In the event of a Data breach and the associated breach of the availability, integrity or confidentiality of Personal Data, Tunify will ensure that the Personal Data breach is reported to the Data Protection Authority within 72 hours of it becoming known, unless it is unlikely that the breach poses a risk to the rights and freedoms of the Data Subjects. Tunify will also report violations of the Personal Data to the Customers and/or Data Subjects concerned if it is likely that the violation entails an increased risk to the rights and freedoms of the Customers and/or Data Subjects.
Tunify takes appropriate technical and organizational measures to protect Personal Data, but emphasizes that no transmission over the Internet can ever be safely guaranteed. The Data Subject therefore notes that Tunify cannot guarantee the security of the Personal Data during its transmission and that effective security depends in part on the Data Subject (or the Customer) ensuring that the identification data and passwords provided to him/her are confidential and secure.
14. Retention period of Personal data
14.1 Personal Data will not be kept longer than is necessary for the purpose for which they are processed.
14.2 When Processing Personal Data for the purpose of executing the Agreement, the Data Subject (and/or the Customer) may request Tunify to return the Personal Data, upon termination or expiry of the Agreement, to the Data Subject (either the Customer) at the latest within 90 (ninety) days after the date of termination or expiry of the Agreement.
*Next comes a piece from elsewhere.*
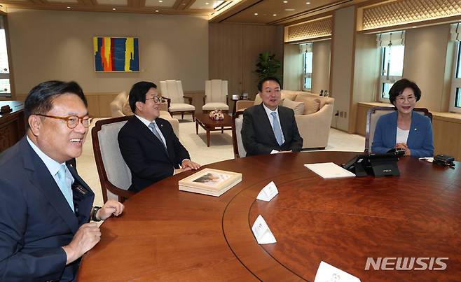 [서울=뉴시스] 전신 기자 = 윤석열 대통령이 24일 서울 용산 대통령실 청사 집무실에서 박병석 국회의장 등 국회의장단과 접견하고 있다. (대통령실통신사진기자단) 2022.05.24. photo1006@newsis.com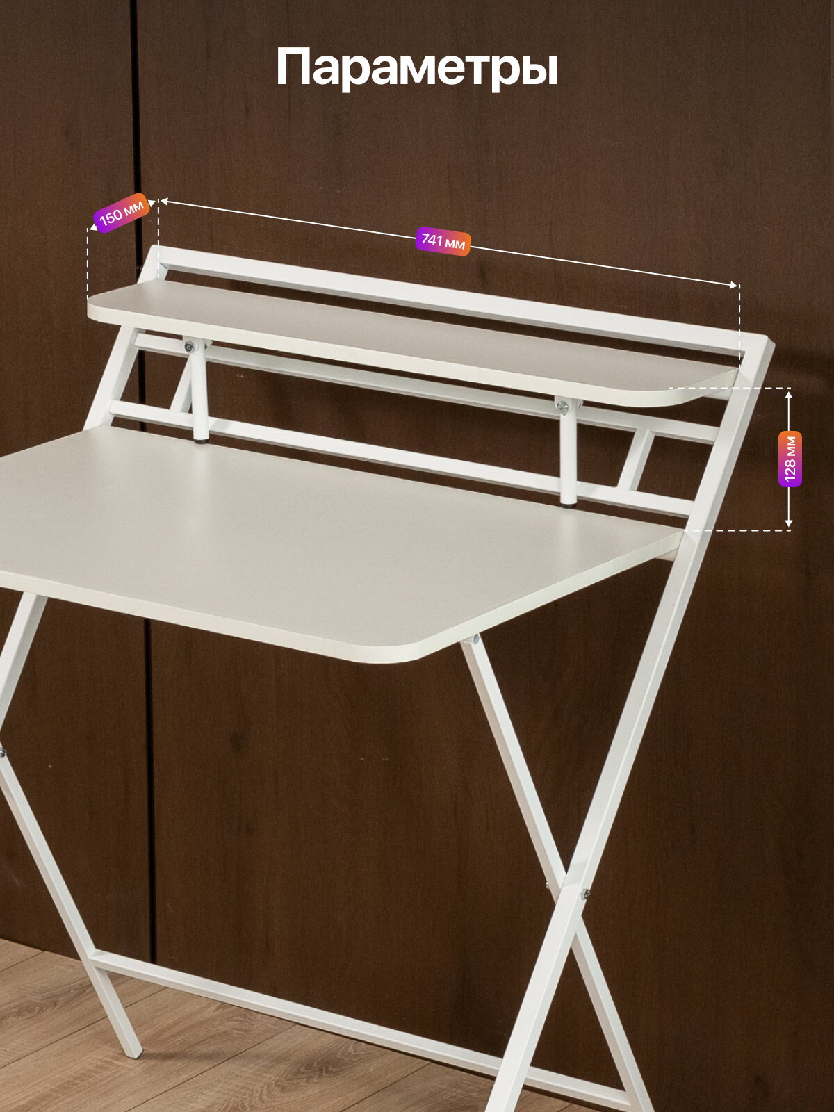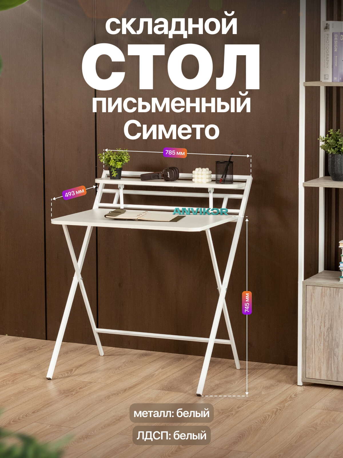 Складной письменный стол с полкой в стиле лофт Симето белый/белый: сравнение цен, характеристики, фото, актуальное наличие и цены.

Unless the applicable law dictates otherwise, Tunify will comply with such a request, provided that the Customer has paid all amounts due to Tunify at that time, including those resulting from the termination or expiry of the Agreement (whether or not due on the date of termination or expiry of the Agreement). In the event of the return of Personal Data, Tunify will no longer retain the Personal Data, unless the Data Subject (or the Customer) so requests and under the conditions agreed at the time.
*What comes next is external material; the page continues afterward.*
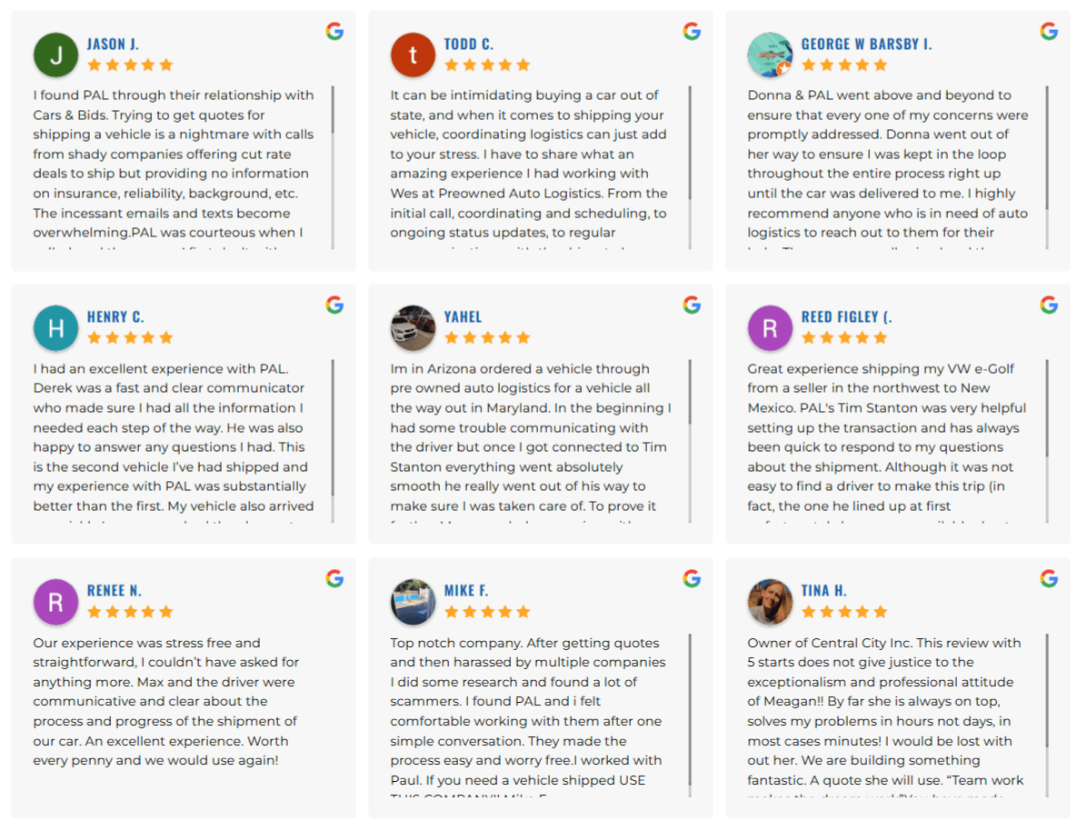 Transparency: Unlike brokers who might hide the true cost of car shipping, PAL is praised for fair, all-inclusive pricing.

In the absence of a request for the return of Personal Data, Tunify is not obliged to store, pass on or return Personal Data, unless Tunify has stored the Personal Data as stipulated in this article.
Unless the Data Subject (or the Customer) asks Tunify to return Personal Data or Tunify has requested that Personal Data be deleted or made anonymous, Tunify may retain the Personal Data for a period of 2 (two) years after completion of the execution of the Agreement, it being understood that the Data Subject (or the Customer) may ask Tunify to continue to store the Data for the period indicated by him and under the conditions then agreed.
Tunify may in any case continue to use all the data if Tunify does so in an aggregated and anonymous format, in such a way that the data in question can no longer be regarded as Personal Data.
15. Contact
For any additional information related to this Privacy Policy or for any request for correction, access or restriction of the Processing, the Data Subject may contact Tunify at info@tunify.com. The Data Subject will receive a free confirmation of his request within thirty (30) days, it being understood that this period may be extended by thirty (30) days, provided that Tunify considers the request in question to be complex.
16. Disputes and applicable law
This Privacy Policy is governed by and construed in accordance with Belgian law. All disputes relating to this Privacy Policy, including its interpretation, as well as disputes relating to the protection of Personal Data, fall under the exclusive jurisdiction of the courts of the district of Hasselt, without prejudice to the mandatory legal provisions that stipulate otherwise. Before bringing an action, the parties concerned will take all possible measures to settle their dispute amicably.